El puesto de moda en el fútbol: Por qué todos los equipos buscan desesperadamente un carrilero

Por el equipo de YJ Deportes
Si has prestado atención a las transmisiones de los partidos de Champions League o de las ligas europeas últimamente, habrás escuchado a los analistas repetir una palabra una y otra vez: carrilero (o wingback en inglés).

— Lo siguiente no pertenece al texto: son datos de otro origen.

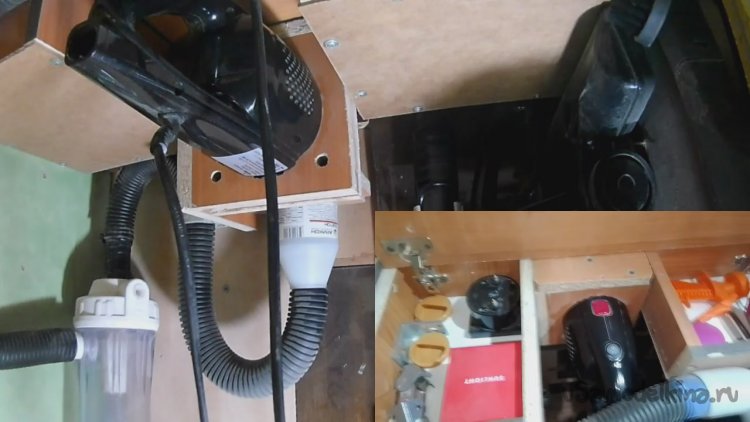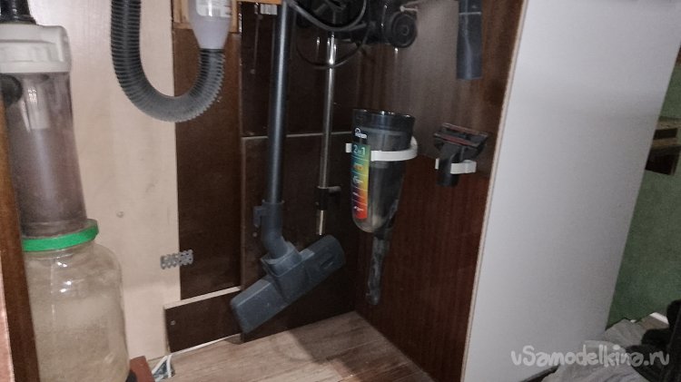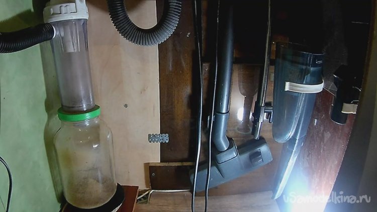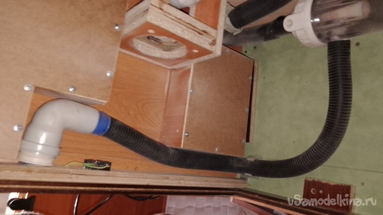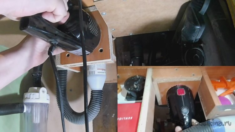 Сделал под пылесос такую конструкцию, которую закрепил с нижней стороны пыльного шкафа. Это так сказать бутерброд из ЛДСП и ламината. Просто прорезал отверстия в деталях, копируя крепления и пазы, которые были на пылесборнике. И склеил этот бутерброд клеем.

Hace unos años, las posiciones defensivas eran muy sencillas: tenías defensas centrales que rechazaban balones y laterales que marcaban al extremo rival y rara vez pasaban de la mitad de la cancha. Pero el fútbol ha cambiado de forma radical. Hoy, la posición de lateral tradicional está en peligro de extinción, y los equipos están dispuestos a pagar fortunas absurdas en el mercado de fichajes por un buen carrilero. ¿Qué hace tan especial a este puesto y por qué es el más difícil de jugar de todo el deporte moderno?
¿Qué es exactamente un carrilero?
Para entenderlo de forma sencilla: el carrilero es un híbrido. Es la mezcla perfecta entre un lateral defensivo y un extremo de ataque.
En lugar de jugar en una línea de cuatro defensores, el carrilero suele aparecer en alineaciones que usan tres defensas centrales (como el clásico esquema 3-5-2 o 5-3-2). Al tener tres centrales protegiendo el centro del área, el carrilero tiene la libertad absoluta de adueñarse de toda la banda por sí solo. Él es el encargado de tapar las subidas del rival cuando no se tiene la pelota, y de correr hasta la línea de fondo para centrar o rematar a portería cuando su equipo ataca. Es, literalmente, un equipo de un solo hombre en su lado de la cancha.
La tortura física de correr la banda sin parar
No cualquiera puede ser carrilero. De hecho, es la posición que exige la mayor preparación física de todo el fútbol. Un carrilero promedio recorre entre 11 y 12 kilómetros por partido, pero la diferencia con un mediocampista central es la intensidad: el carrilero hace esa distancia a base de sprints repetidos a máxima velocidad.
Tiene que subir al ataque para dar apoyo, y si su equipo pierde la pelota, tiene que regresar corriendo 70 metros hacia atrás a toda velocidad para evitar que el rival los agarre desarmados. Si el carrilero se cansa o no tiene el aire suficiente para regresar, deja una avenida gigante para que los rivales ataquen. Por eso, jugadores con pulmones inagotables y velocidad explosiva como Achraf Hakimi o Alphonso Davies son tan valorados.
El puesto que decide los partidos de élite
En el fútbol moderno, los equipos suelen acumular muchos jugadores en el centro del campo para cerrar los espacios. La única forma de romper estas defensas cerradas es abriendo la cancha. Y ahí es donde el carrilero es letal.
Al atacar desde atrás y por sorpresa, los defensas rivales no saben a quién marcar: si el extremo los fija por dentro, el carrilero sube completamente libre por la banda. Si el carrilero tiene un buen centro, creará peligro constante en cada jugada. Es una posición de moda porque es la llave para abrir los candados tácticos de los entrenadores más defensivos. Así que la próxima vez que veas un partido, no sigas solo la pelota; mira al jugador que corre pegado a la línea lateral. Él es quien realmente está moviendo los hilos tácticos del encuentro.